As you may know I have shot over 1 scene for the Tyra Banks Show. I shot 2. Are you judging me? Are you paying my bills? You know don’t me! You don’t know me! You aint gots nuthin’ on me! Oh no you didn’t. Oh no you don’t. Oh no you just did not! Sorry, I’m done. I recently received this Tyra casting notice in my electronic mail account (or “email” as “the kids” call it).
Now Casting: Do You Have an Invention You Want Trya to Make?
Do you live in NY, NJ, or CT and have an invention you want Tyra to make? If you have drawings or mini models of a mock invention you want Tyra to make, please respond ASAP.
Uh. Huh? If you think that I’m going to share with Tyra my mini model that I crafted of a 12 inch Tyra doll who teaches young children to “smile with their eyes” and “act a hoochie, but make it fashion” you got another thing coming! I, personally, am especially proud of the patent-pending feature in which you pull Tyra’s hand and she starts asking your child fun questions….and then she pauses for 4 seconds while your child starts to answer and then her volume goes up 10 notches and she interrupts your child and answers her own question and tells a story about her own childhood and growing up in the fashion industry.

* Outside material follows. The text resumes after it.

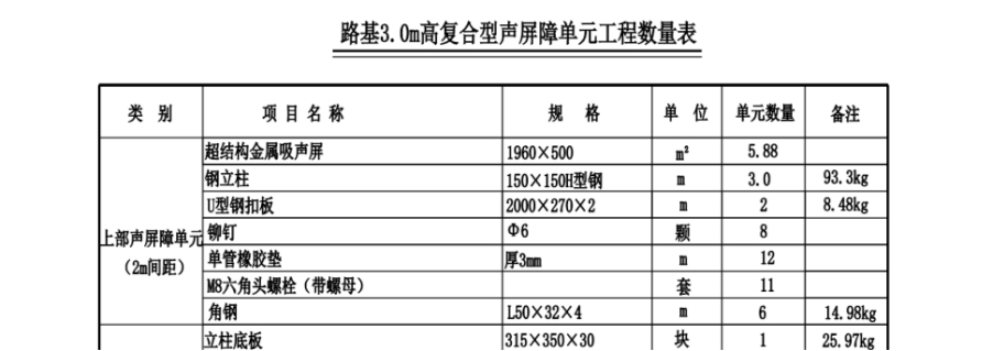 3.1.4.4B级普通螺栓:路基段复合型声屏障基础采用B级U型螺栓,其机械性能应符合《紧固件机械性能 螺栓、螺钉和螺柱》(GB/T3098.1-2010)中相关要求。配套螺母采用I型5级标准螺母(外六角),其机械性能应符合《紧固件机械性能 螺母》(GB/T3098.2-2010)中相关要求。垫圈应符合《平垫圈C级》(GB/T95-2002)的要求。3.柱脚二次浇注:路基段声屏障柱脚二次浇注需采用C60高强无收缩1类灌浆料。4.焊接采用手工焊,焊条应符合现行国家标准《非合金钢及细晶粒钢焊条》(GB/T5117-2012)的规定。焊缝需进行防锈处理。

Similar to Tyra coining the phrase “Smizing” which she claims means “Smiling With Your Eyes” I am “Crizping” over the news that Tyra is leaving her talkshow after season 5 in 2010. What is “Crizping” you ask? Why it means, “Crying With My Penis” of course!
Tyra has won 2 Emmy Awards for The Tyra Show and was self-awarded the “President of the World” and told People Magazine, “I’ve been loving having fun, coming into your living rooms, bedrooms, hair salons for the past 5 years” in regards to leaving her show in the Spring.
So what will Tyra do to fill her days? Tyra is reportedly following in the footsteps of Oprah Winfrey and Tyler Perry by starting her own film production company called “Bankable Studios” as a way to positively portray women on the big screen.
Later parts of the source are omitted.